The circuit carrier 10 can be fabricated by first providing the circuit substrate 11 and the first wafer 13; secondly, placing the first wafer 13 in the receiving recess 112 such that the active surface 131 of the first wafer 13 is The inactive surface 133 is adjacent to the plurality of first electrical contact pads 116; the first conductive line pattern 113 is formed on the first surface 111a and the plurality of electrode pads 134 by a semi-additive method, and the second conductive layer is formed on the second surface 111b. a line pattern 115 electrically connecting the first conductive line pattern 113 and the first inner layer conductive line pattern 11a, electrically connecting the second conductive line pattern 115 and the second inner layer conductive line pattern 11b; and the first conductive line pattern 113 A first solder resist layer 117 is formed in the gap, a second solder resist layer 119 is formed on the second conductive trace pattern 115 and the gap thereof, and a plurality of open regions are formed in the first solder resist layer 117 and the second solder resist layer 119. The bare copper surface in the open area of the first solder resist layer 117 is defined as the first electrical contact pad 116, and the bare copper surface in the open area of the second solder resist layer 119 is the solder pad 118. In this way, the circuit carrier board 10 can be obtained.
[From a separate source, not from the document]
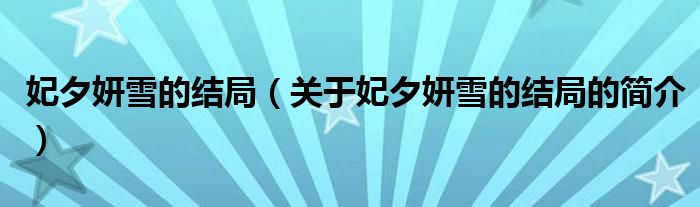 本文關于妃夕妍雪的結局的簡介就講解完畢,希望對大家有所幫助。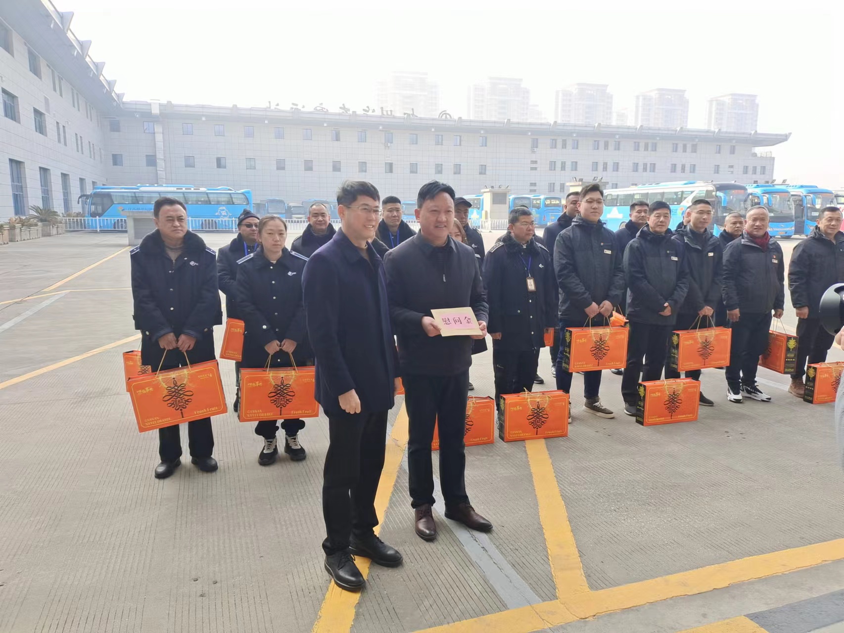 2月9日除夕,在萬家團(tuán)聚、喜迎新春之時(shí),市交通產(chǎn)業(yè)集團(tuán)黨委書記、董事長(zhǎng)方璇智帶隊(duì)來到揚(yáng)汽集團(tuán)生產(chǎn)一線,慰問堅(jiān)守崗位的干部職工,為他們送去慰問品和祝福,對(duì)他們?cè)谛麓杭压?jié)期間堅(jiān)守工作崗位,付出辛勤勞動(dòng)表示衷心感謝,并向他們致以新年問候。

In the second step, referring to FIG. 3, an interposer 20 is provided. The area of the interposer 20 is larger than the projected area of the receiving recess 112 on the first surface 111a, and has an opposite bottom surface 201 and a top surface 203. The material of the interposer 20 is glass, which has a plurality of exposed first electrical connection pads 21 and a plurality of second electrical connection pads 23. The plurality of first electrical connection pads 21 are located on the side of the bottom surface 201 of the interposer 20, and the plurality of second electrical connection pads 23 are located on the top surface 203 of the interposer 20, and the plurality of first electrical connection pads The at least one first electrical connection pad 21 of the 21 is electrically connected to the at least one second electrical connection pad 23 of the plurality of second electrical connection pads 23 through the conductive holes 25 in the interposer 20 . In this embodiment, the number of the plurality of first electrical connection pads 21 is the same as the number of the plurality of first electrical contact pads 116, and the number of the plurality of first electrical connection pads 21 is less than the plurality of second electrical connections. The number of pads 23.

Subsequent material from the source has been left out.